Here, \({\omega }_{1}\) and \({\omega }_{2}\) represent the fusion weights for the enhanced pseudo-color image and the true-color image, respectively. Based on the fused Laplacian pyramid, the image was reconstructed from top to bottom, resulting in the final feature-fused image (as shown in Fig. 11d). The fused image exhibits overall improvements in color, brightness, and sharpness, with significantly enhanced features in the red regions.

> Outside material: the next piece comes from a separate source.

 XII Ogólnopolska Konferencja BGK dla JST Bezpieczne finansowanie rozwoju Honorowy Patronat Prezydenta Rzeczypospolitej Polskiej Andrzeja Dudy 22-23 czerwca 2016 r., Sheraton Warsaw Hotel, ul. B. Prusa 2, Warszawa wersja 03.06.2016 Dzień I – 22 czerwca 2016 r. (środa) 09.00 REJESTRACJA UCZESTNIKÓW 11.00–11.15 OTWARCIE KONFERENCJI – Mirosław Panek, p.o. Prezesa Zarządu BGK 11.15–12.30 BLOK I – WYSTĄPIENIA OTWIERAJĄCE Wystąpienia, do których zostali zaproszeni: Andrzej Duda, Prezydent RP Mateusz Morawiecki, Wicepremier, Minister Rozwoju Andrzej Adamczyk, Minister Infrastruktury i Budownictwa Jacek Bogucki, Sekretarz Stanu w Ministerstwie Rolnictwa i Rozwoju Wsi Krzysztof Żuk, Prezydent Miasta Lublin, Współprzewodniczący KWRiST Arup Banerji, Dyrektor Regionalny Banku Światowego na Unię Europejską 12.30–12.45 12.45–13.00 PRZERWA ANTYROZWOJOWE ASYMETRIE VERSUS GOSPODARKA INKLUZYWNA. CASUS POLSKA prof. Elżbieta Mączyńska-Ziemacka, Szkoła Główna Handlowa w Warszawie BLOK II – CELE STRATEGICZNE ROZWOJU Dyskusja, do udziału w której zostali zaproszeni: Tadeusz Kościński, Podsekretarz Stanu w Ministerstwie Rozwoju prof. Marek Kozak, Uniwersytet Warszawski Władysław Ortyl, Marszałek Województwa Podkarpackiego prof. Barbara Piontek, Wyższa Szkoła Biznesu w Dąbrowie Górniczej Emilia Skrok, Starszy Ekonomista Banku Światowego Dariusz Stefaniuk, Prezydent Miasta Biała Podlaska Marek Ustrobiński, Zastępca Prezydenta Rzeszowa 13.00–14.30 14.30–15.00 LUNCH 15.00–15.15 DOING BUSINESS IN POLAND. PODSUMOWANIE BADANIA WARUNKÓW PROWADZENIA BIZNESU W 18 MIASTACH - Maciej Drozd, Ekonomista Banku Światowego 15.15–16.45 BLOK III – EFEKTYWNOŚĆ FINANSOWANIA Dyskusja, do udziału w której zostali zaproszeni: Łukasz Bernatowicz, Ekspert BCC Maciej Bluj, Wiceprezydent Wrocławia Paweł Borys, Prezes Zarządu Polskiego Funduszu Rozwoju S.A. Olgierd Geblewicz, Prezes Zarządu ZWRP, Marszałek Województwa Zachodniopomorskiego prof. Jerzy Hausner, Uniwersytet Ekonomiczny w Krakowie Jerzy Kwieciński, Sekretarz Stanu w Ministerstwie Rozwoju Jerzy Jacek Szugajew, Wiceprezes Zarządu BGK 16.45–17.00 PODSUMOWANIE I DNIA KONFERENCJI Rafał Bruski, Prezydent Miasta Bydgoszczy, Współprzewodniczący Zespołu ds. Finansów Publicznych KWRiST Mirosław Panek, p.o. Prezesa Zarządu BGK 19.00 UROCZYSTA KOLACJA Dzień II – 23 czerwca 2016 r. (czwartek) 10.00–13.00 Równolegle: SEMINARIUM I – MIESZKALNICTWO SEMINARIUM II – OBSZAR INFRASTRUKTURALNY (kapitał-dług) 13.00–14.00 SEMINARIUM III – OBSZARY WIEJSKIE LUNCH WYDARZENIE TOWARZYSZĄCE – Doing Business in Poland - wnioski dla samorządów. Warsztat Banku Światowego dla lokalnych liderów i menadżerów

Based on the data analysis results presented in Table 4, it is observed that the image processed with the feature enhancement algorithm shows significant improvements in key quality evaluation indicators—average gradient, spatial frequency components, and information entropy—compared to the true-color image enhanced solely by PCA. This distinction underscores the notable efficacy and potential of our method in enhancing the visual effect and information content of the images.

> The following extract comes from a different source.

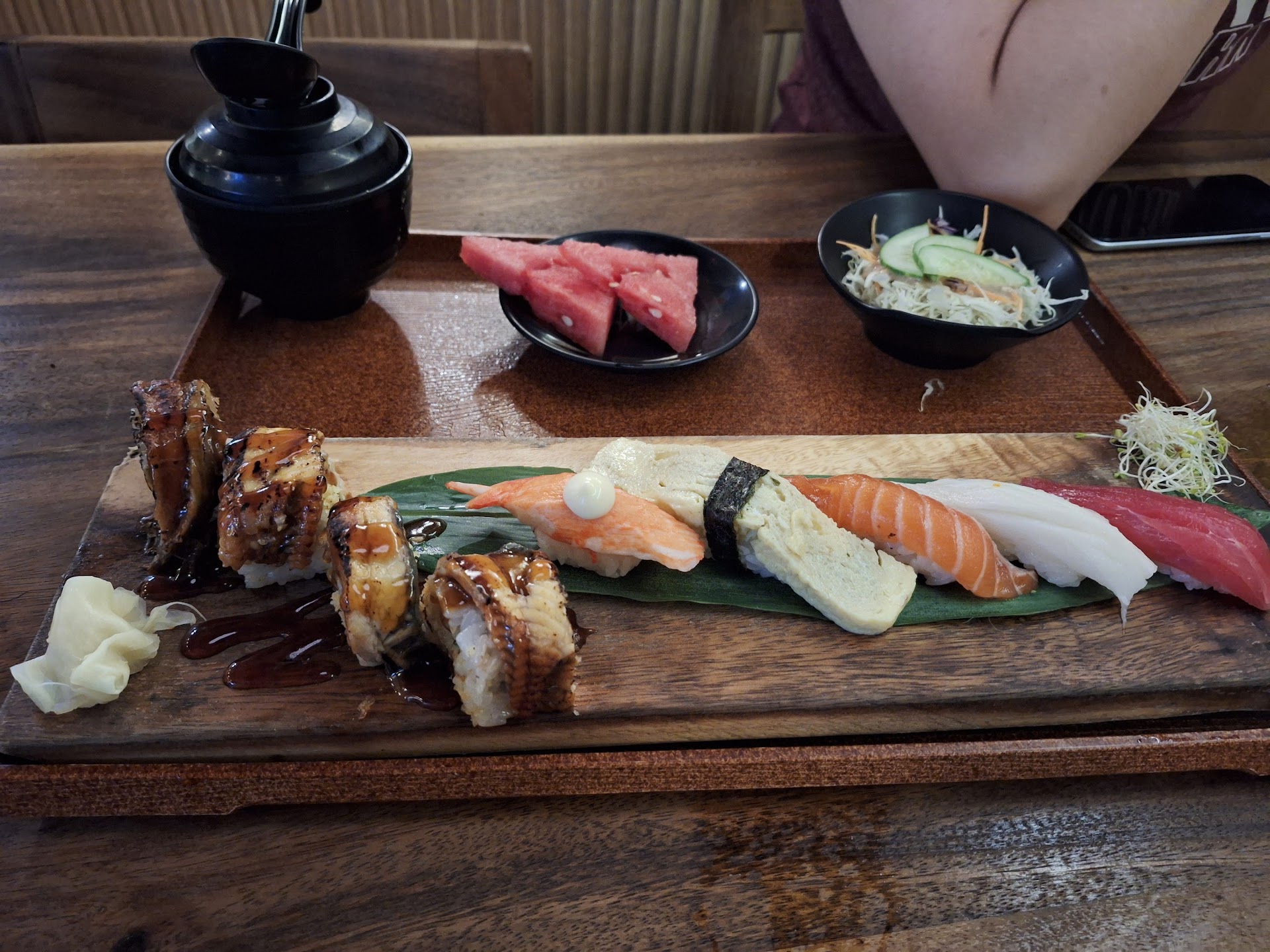 Ok first off, the food is great and prices are very reasonable. We ordered a sushi lunch set that came with a selection of sushi including 4pcs of unagi sushi, salad, miso soup and green tea. We also ordered 2 sushi rolls, a spider roll and a salmon roll. Each came with 4 pcs.

Table 4 Comparison of enhanced image metrics

In this study, we successfully combined PCA and SMACC algorithms to enhance the visual representation capabilities of hyperspectral images and highlight obscure features on pottery. Preliminary results show that images processed with PCA exhibit more vivid colors and improved clarity in RGB conversion, while the SMACC algorithm effectively extracted endmember features from the PCA-enhanced image. When these endmember features were fused with the PCA true-color image in the HSV space, the resulting feature-enhanced image displayed better overall color brightness and clarity. Notably, the red region’s features were significantly enhanced. Compared to images obtained using PCA enhancement alone, the average gradient, spatial frequency, and information entropy of the feature-enhanced image increased by 22.23%, 30.46%, and 17.21%, respectively, which is crucial for cultural heritage preservation. Compared to previous research, this study not only theoretically broadens the application scope of HSI technology in cultural heritage conservation but also provides practical technical support for the restoration of ancient pottery.